What is the cause of the burning sensation in the glans penis?

What is the cause of the burning sensation in the glans penis?

As the pace of life accelerates, men's life pressure will also increase. A healthy body is inseparable from good living habits. The glans penis is the male reproductive part. Some men have a burning sensation in the glans penis for many reasons. Discomfort in the glans penis will affect the normal life of male patients and their mental state will also be affected. Many people don't know what is going on with the burning sensation in the glans penis. What is going on with the burning sensation in the glans penis? Let's take a look.

1. What happens if there is a burning sensation on the glans penis?

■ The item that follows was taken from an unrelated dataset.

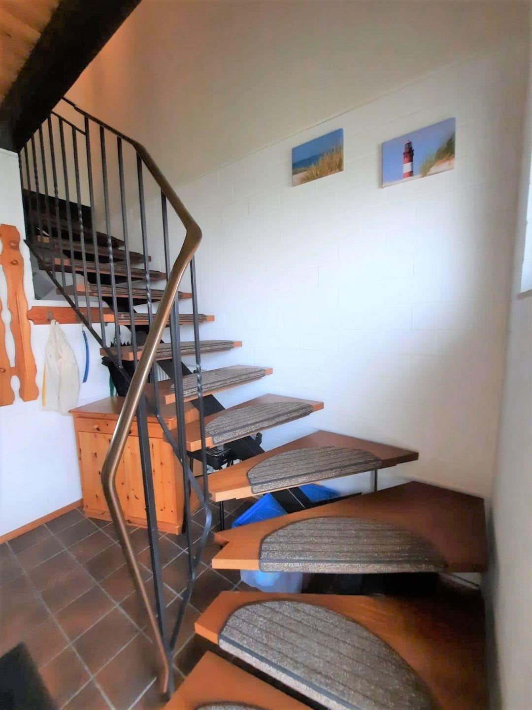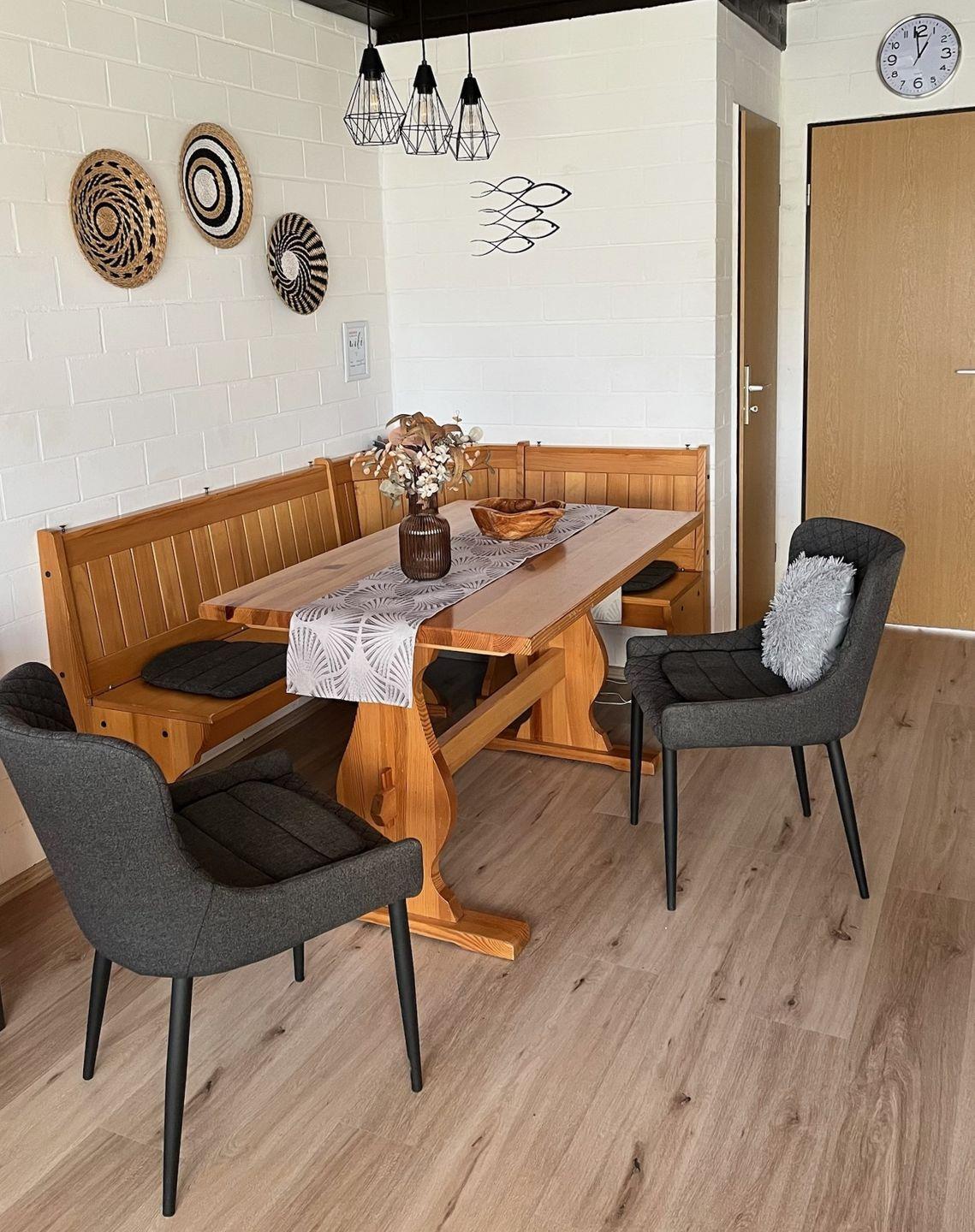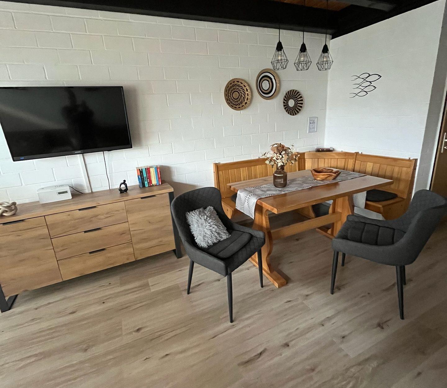 Im Erdgeschoss wartet ein toller Wohn- und Essbereich mit Küche auf Sie. Der Wohnbereich bietet eine Couch, Fernseher. Die gemütliche Essecke mit Eckbank bietet genügend Platz für 4 Personen. In der integrierten Küche mit Kühlschrank inkl. Gefrierfach, Ceranfeld, Backofen, Spülmaschine und weiteren nützlichen Küchenutensilien, bereiten Sie leckere Speisen zu. Das Badezimmer bietet eine Dusche, ein WC, ein Waschbecken mit Spiegel. Ein Eingangsflur mit Garderobe und Abstellraum vervollständigen das Erdgeschoß.

The symptoms of possible glans inflammation are mostly caused by fungal infection or herpes virus infection. It is recommended to take some glans secretions for examination to rule out fungal infection.

2. Common symptoms

1. Acute superficial galactitis

At the beginning of the disease, the local skin is flushed, and the glans penis feels burning and itchy. In the acute stage, the foreskin is turned back to reveal edematous erythema, erosion, exudation and bleeding on the glans penis. In severe cases, blisters may appear.

2. Annular ulcerative glansitis

The main feature of this disease is that there are one or several round lesions on the glans penis, with a red erosive surface in the middle and a narrow white band on the edge, forming a ring. If secondary infection occurs, the symptoms may be aggravated and lose their ring-shaped characteristics.

3. Candidal balanitis

The clinical manifestations are erythema of the foreskin and glans penis, with a smooth surface, a little desquamation around, and scattered papules or small pustules around, which slowly expand to the surrounding area.

4. Cytoplasmic balanitis

Persistent, localized, infiltrative, dark reddish-brown patches occur on the glans penis with clear boundaries, smooth surface, many small red spots or erosions, easy bleeding, and no ulcers.

5. Amoebic balanitis

The clinical manifestations are infiltrative erythema, erosion, shallow ulceration, obvious tissue necrosis and pain on the glans penis.

6. Mica and keratomatous pseudoepitheliomatous glansitis

The skin of the glans is infiltrated and hypertrophic, with local hyperkeratosis and silvery white mica crust. The glans loses its normal elasticity and gradually atrophies.

7. Trichomonas balanoposthitis

Initially, erythema and papules appear on the glans with clear boundaries and gradually expand in scope. On the erythema, there may be small blisters ranging from needle tip to millet grain size, which may expand and merge with each other to form a mild erosive surface.

8. Dry obstructive glansitis

The early stage of the disease is chronic glans inflammation, with thickened mucosa, ivory white lesion area, and desquamation of the epidermis. In the late stage, the local area is scar-like atrophy.

3. General treatment

1. General treatment

(1) Keep the area clean, avoid various irritations, and clean the glans penis and foreskin daily.

(2) Avoid unprotected sexual intercourse and suspend sexual activity during treatment. If it is trichomonas or candidal glansitis, both husband and wife should be treated at the same time.

(3) Avoid using corticosteroids during the acute phase to avoid aggravating the infection. If the foreskin is severely edematous, do not forcibly retract the foreskin.

(4) If there are ulcers or erosions on the inner foreskin and glans penis, the dressing should be changed promptly, twice a day.

(5) Eat less spicy food and avoid smoking and drinking.

2.Surgery

Patients with recurrent balanitis due to excessive foreskin or phimosis should undergo circumcision after the inflammation subsides.

IV. Drug treatment

1. Local treatment

For patients with erosive exudation or purulent secretions, apply wet compresses with 1% ethacridine solution or 1:8000 potassium permanganate solution. For patients with dryness and scaling, apply glucocorticoid ointment. For patients with Candida infection, the affected area can be cleaned with sodium bicarbonate solution and then imidazole ointment can be applied. For patients with Trichomonas infection, rinse with 0.5%-1% lactic acid solution or 0.5% acetic acid solution, and then apply anti-inflammatory ointment. Intermittent administration of medium-acting fluoride-free hormone ointment has a good effect on synovial glansitis.

2. Systemic medication

Systemic antibiotics should be selected based on the pathogen and drug sensitivity tests.